The reporter has only provided limited information, and therefore, to some extent, the reason for the deflection can only be surmised. A recorded deflection of 55mm at the quarter point, under the wet concrete load, is indeed excessive.

The standard clearance around a bolt hole is (usually) 2mm, although this can be more for larger diameter bolts. For beam connections carrying moment with standard dimension tolerance bolt holes, and a set-up gap between beam segments, the connection can act as a pin if the bolts slip until the slack is taken up. This may account for the increase in the gap between the bottom flanges observed by the reporter. Thus, the angular distortion capable of occurring at the joint is proportional to the amount of bolt slippage.
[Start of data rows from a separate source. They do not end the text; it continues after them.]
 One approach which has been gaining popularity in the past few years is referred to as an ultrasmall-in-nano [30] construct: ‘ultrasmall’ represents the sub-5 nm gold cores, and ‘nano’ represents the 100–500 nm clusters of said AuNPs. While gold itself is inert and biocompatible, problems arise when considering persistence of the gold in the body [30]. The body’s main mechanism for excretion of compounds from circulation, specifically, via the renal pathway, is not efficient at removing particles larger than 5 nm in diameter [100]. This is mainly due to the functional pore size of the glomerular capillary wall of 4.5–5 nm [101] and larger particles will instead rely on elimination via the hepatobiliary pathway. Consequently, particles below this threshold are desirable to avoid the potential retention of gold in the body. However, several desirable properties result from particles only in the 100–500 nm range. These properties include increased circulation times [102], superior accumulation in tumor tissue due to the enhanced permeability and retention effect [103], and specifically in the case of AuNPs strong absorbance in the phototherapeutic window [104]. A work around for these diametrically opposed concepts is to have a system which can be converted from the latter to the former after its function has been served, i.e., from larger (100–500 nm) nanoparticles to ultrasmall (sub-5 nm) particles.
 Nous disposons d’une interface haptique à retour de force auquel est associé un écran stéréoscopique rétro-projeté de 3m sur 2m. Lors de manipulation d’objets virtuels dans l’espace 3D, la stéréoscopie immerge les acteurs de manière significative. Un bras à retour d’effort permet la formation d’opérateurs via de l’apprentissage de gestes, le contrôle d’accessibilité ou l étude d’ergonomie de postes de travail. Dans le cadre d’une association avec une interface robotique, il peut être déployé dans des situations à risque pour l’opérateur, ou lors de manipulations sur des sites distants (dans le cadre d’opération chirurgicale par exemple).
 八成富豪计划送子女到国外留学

It is also possible that some deformation of the connecting plates could have occurred which would increase the rotation further.
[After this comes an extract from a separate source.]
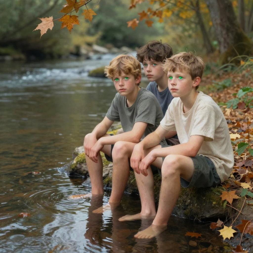 Photograph of three young boys sitting on a moss-covered rock by a gentle stream in a forested area. The boys, with light brown and blonde hair, wear casual gray and white t-shirts and shorts. Their green eyes are digitally enhanced. They are barefoot, with their legs in the water. Autumn leaves, in shades of orange and brown, hang from trees above. The background features a blurred forest with tall trees and a calm stream. The image has a slightly surreal, digitally altered feel, with vivid eye colors standing out against the natural, earthy tones.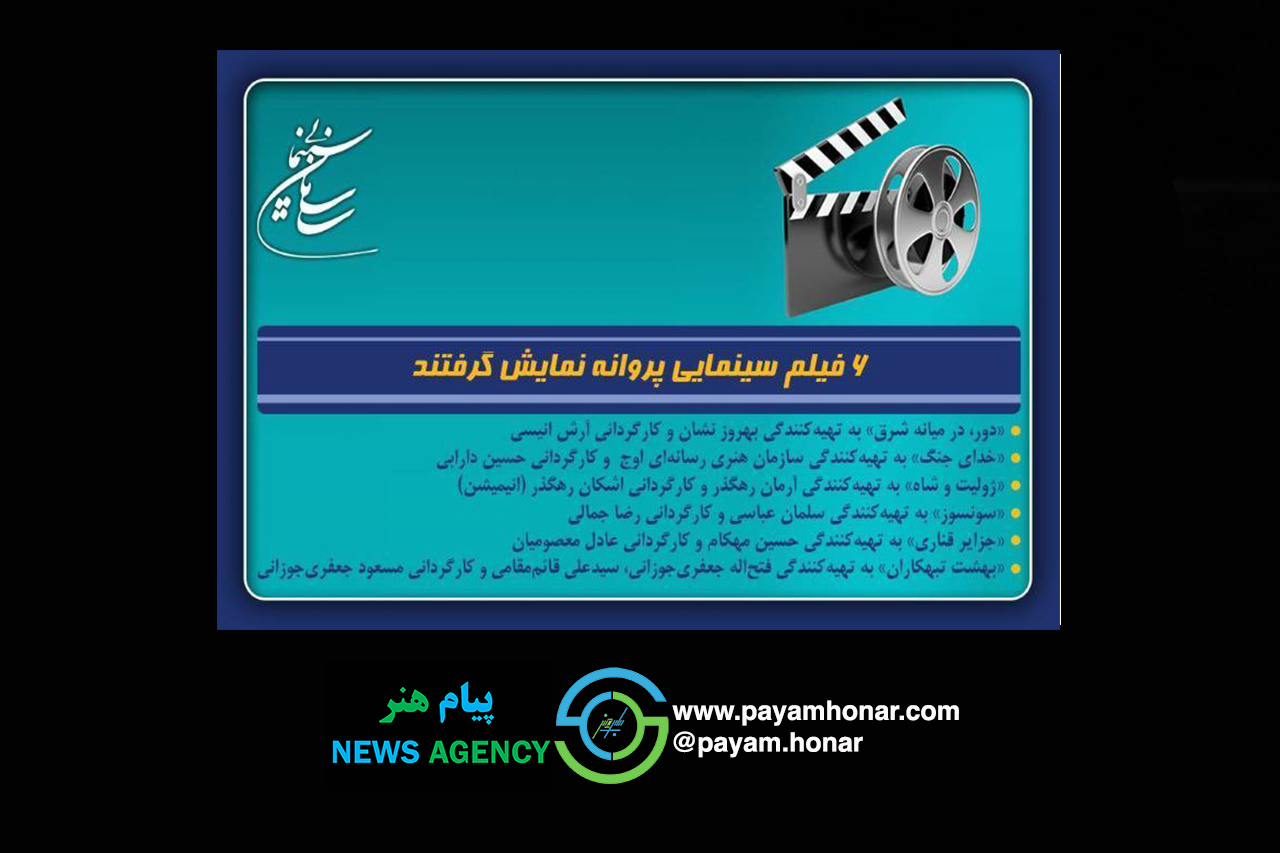 به گزارش پایگاه خبری و هنری پیام هنر و به نقل از ادارهکل روابط عمومی سازمان سینمایی، فیلمهای «خدای جنگ» به تهیهکنندگی سازمان هنری رسانه ای اوج و کارگردانی حسین دارابی، «سونسوز» به تهیهکنندگی سلمان عباسی و کارگردانی رضا جمالی، «جزایر قناری» به تهیهکنندگی حسین مهکام و کارگردانی عادل معصومیان، «بهشت تبهکاران» به تهیهکنندگی فتحاله جعفری جوزانی و سیدعلی قائم مقامی و کارگردانی مسعود جعفری جوزانی ،«دور، در میانه شرق» به تهیهکنندگی بهروز نشان و کارگردانی آرش انیسی و انیمیشن «ژولیت و شاه» به تهیهکنندگی آرمان رهگذر و کارگردانی اشکان رهگذر موافقت شورای پروانه نمایش فیلمهای سینمایی را کسب کردند.

With the use of laser-controlled machines commonplace in steelwork fabrication, the dimensional control of bolt holes in steelwork can be very accurate. Therefore, the potential for bolt slippage, and its impact on serviceability limit state design, must be considered for critical connections.

The designer should consider if non-slip bolts, such as High Strength Friction Grip (HSFG) or Tension Control (TC) Bolts, are required within any joint to prevent rotation or movement. The reporter is correct to suggest that additional considerations should have been given when designing these critical connections. A computer design would not have solved this problem; the likely error is one of concept, not numbers. The concept, which assumed no slip, was poor and on-site this was exacerbated because the problem was repeated over five floors.

the concept was poor and on-site this was exacerbated because the problem was repeated over five floors

How the remedial solution was designed, and its overall purpose, cannot be determined from the information provided. Additional concrete may have been poured during construction to make up a level surface following the beam deflection, thereby increasing the required ultimate load to be carried by the connection. The connection may also have been found to be under-designed following back-checks after the deflection was observed. Clearly, any strengthening works employed needed to be installed in-situ with respect to the site constraints and the existing connecting plates and bolts, thereby leading to a somewhat unusual final connection detail.